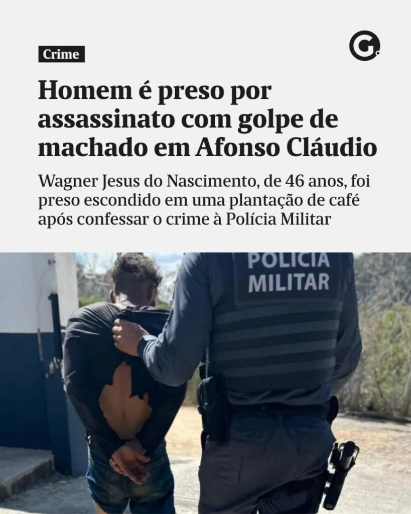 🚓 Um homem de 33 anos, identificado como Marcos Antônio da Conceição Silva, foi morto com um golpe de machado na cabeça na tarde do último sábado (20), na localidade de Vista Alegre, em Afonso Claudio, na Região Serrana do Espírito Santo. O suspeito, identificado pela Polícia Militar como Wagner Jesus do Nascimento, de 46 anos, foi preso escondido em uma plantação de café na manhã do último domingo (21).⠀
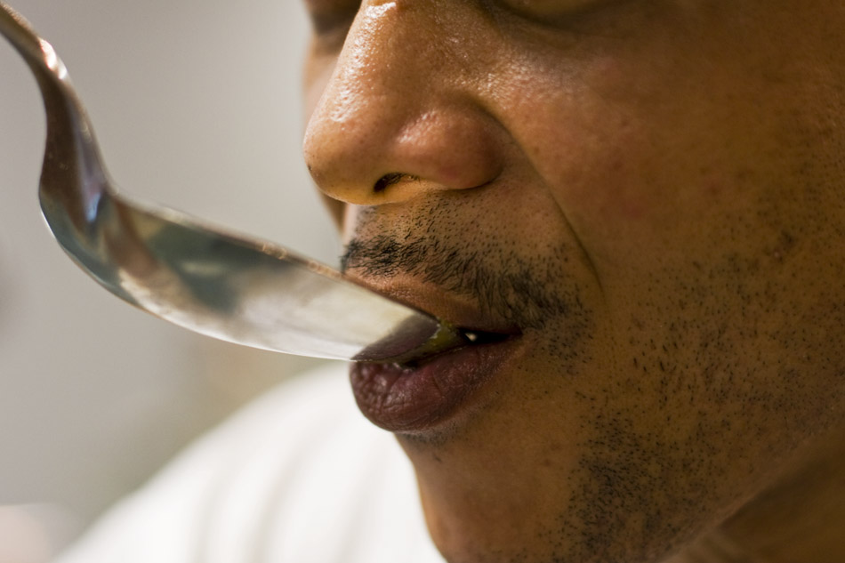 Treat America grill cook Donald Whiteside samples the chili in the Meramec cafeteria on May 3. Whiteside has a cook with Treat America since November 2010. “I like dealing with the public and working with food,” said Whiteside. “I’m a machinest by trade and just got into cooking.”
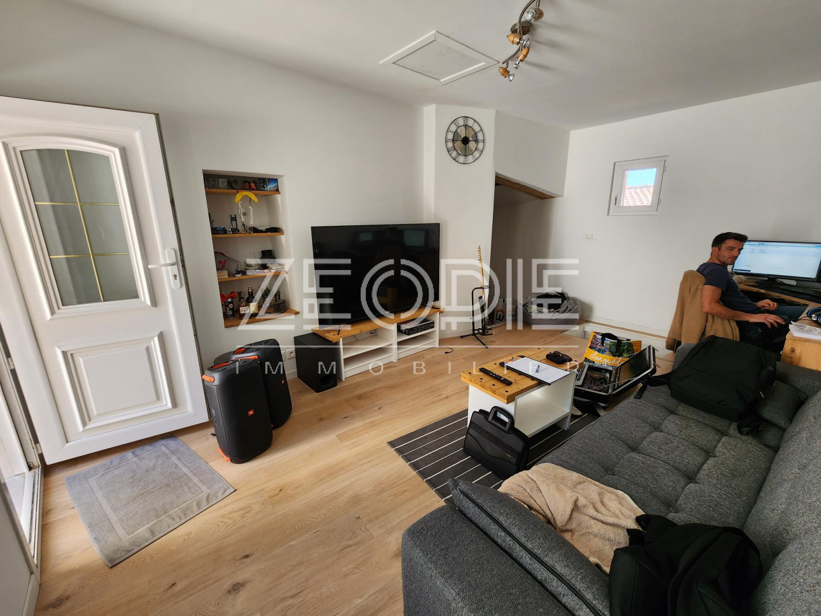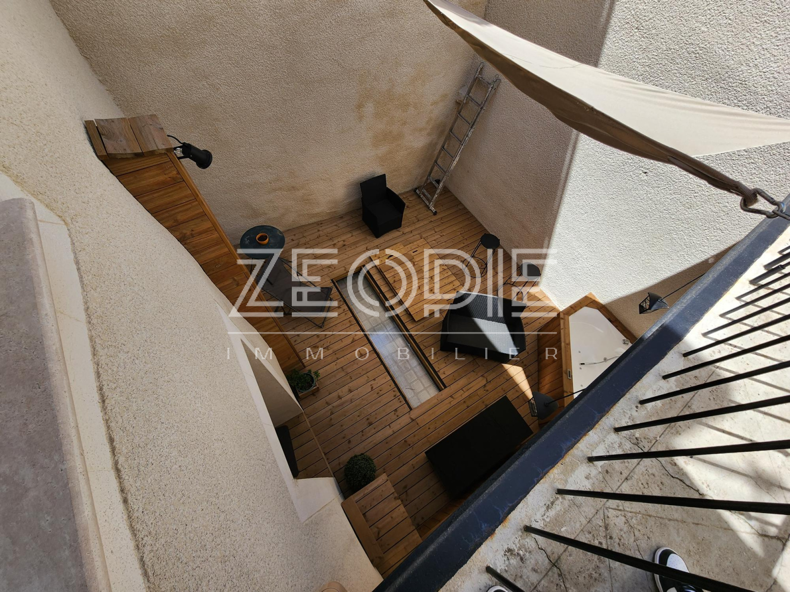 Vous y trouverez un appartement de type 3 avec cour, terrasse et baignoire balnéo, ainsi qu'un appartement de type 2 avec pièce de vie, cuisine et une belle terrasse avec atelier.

-=-=-

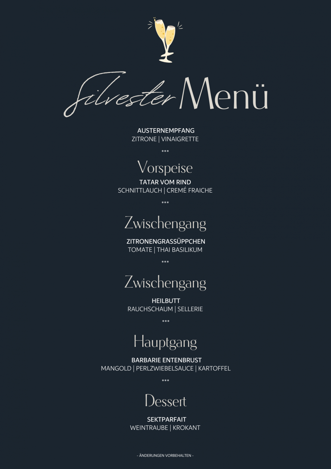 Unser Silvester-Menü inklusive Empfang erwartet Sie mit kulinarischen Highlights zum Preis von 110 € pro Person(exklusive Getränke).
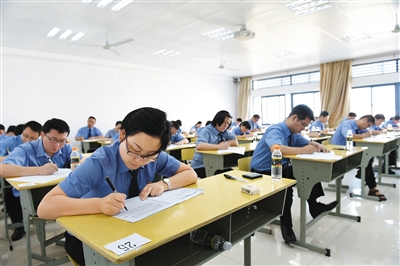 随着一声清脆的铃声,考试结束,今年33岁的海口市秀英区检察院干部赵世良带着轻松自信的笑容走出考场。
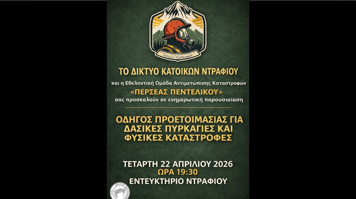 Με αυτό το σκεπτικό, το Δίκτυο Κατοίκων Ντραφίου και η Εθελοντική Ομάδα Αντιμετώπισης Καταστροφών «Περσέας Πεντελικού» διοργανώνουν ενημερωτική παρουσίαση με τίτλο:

-=-=-

WHAT YOU WILL DO: What you write must match the listing exactly, from the line with "Treat America grill" up to and including the line with "Vous y trouverez". Pictures stay out.

SOLUTION TO THE PROBLEM:
 Treat America grill cook Donald Whiteside samples the chili in the Meramec cafeteria on May 3. Whiteside has a cook with Treat America since November 2010. “I like dealing with the public and working with food,” said Whiteside. “I’m a machinest by trade and just got into cooking.”
 Vous y trouverez un appartement de type 3 avec cour, terrasse et baignoire balnéo, ainsi qu'un appartement de type 2 avec pièce de vie, cuisine et une belle terrasse avec atelier.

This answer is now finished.